WHAT YOU WILL DO:
From the entries below, extract every line that includes the word "both".

INFORMATION SHOWN below:

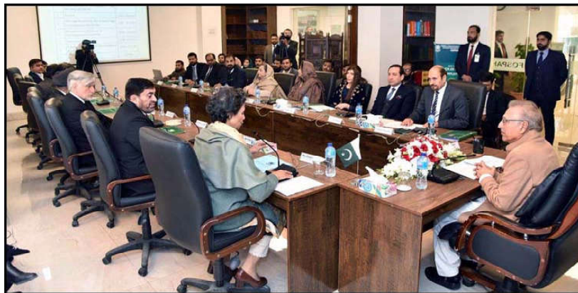
ISLAMABAD: President Dr Arif Alvi chairing a meeting during his visit to the Federal Ombudsman Secretariat for Protection Against Harassment at Workplace (FOSPAH) Head Office.

while the rest had been decided. The President called for taking appropriate legislative measures at the federal and provincial levels to ensure the protection of women's property rights, besides discouraging the transfer of property by women to their family members due to pressures. He said that he was conducting personal hearings of the Ombudspersons' cases to expedite the process of justice. He stated that highlighting important decisions of FOSPAH in harassment and women's property cases through media would help increase awareness about the role of the Ombudsman. He said that police at the local level needed to improve their response to women's complaints in property cases, adding that police officials should be educated about the provisions of the Enforcement of Women's Property Rights Act, 2020.
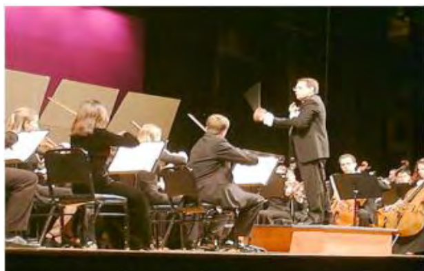
The American Youth Philharmonic today
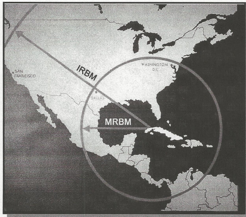
Range of missiles stationed in Cuba
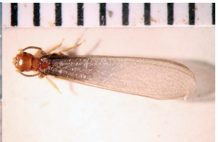
Figure 4. Alate was 8 mm from tip of head to tip of wings.
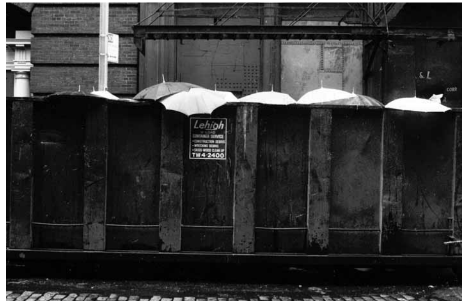
Gordon Matta-Clark, Open House, 1972
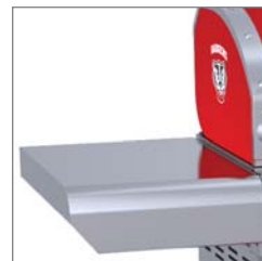
Stainless Steel Side Shelves
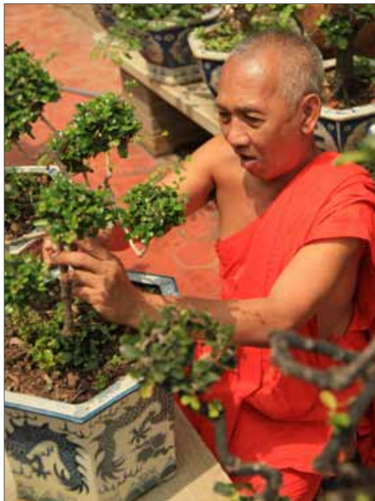
Figure 6. Thai style bonsai at the Wat Khlong Toei Nai temple in the Khlong Toei District.

a. Continuation of ancestral skills: The crafts have been learned from one's ancestors or under the apprenticeship of a master. Craftsmanship is a complicated art, requiring meticulousness, dexterity, and a great deal of experience to become a master craftsman. Some examples from the Phra Nakhon District are the gold smiths that produce gold leaf at Bahn Gold Leaf and the Thai Theatrical Costumes by Bahn Mae Piak. The Buddhist alms bronze bowl makers in the Bangkok Noi District and the Thai style of Bonsai at the Wat Khlong Toei Nai Temple in the Khlong Toei District.
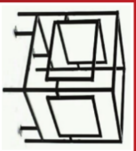
ACGU - 1" steel framework
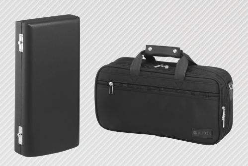
The JCL1100S includes a French-style case with cover that offers both stylish appearance and lightweight protection.

The 700 Series is the new standard for the beginning clarinetist. Available in both Grenadilla Wood and ABS body materials, these instruments are built to produce a full, rich tone quality with exceptional intonation and playability.
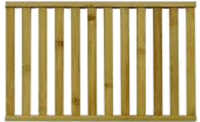
Slatted Board x 3
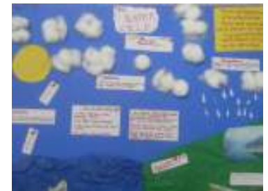
Water Cycle Diagram
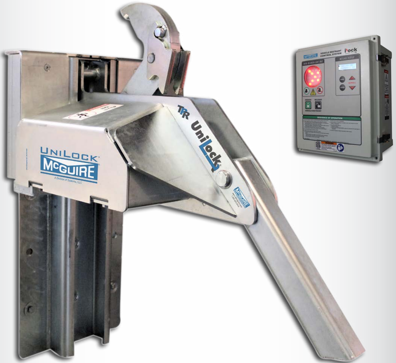
* UniLock® shown with advanced iDock® controls. Patent Pending.

End of INFORMATION SHOWN.

PROBLEM SOLUTION:
The JCL1100S includes a French-style case with cover that offers both stylish appearance and lightweight protection.
The 700 Series is the new standard for the beginning clarinetist. Available in both Grenadilla Wood and ABS body materials, these instruments are built to produce a full, rich tone quality with exceptional intonation and playability.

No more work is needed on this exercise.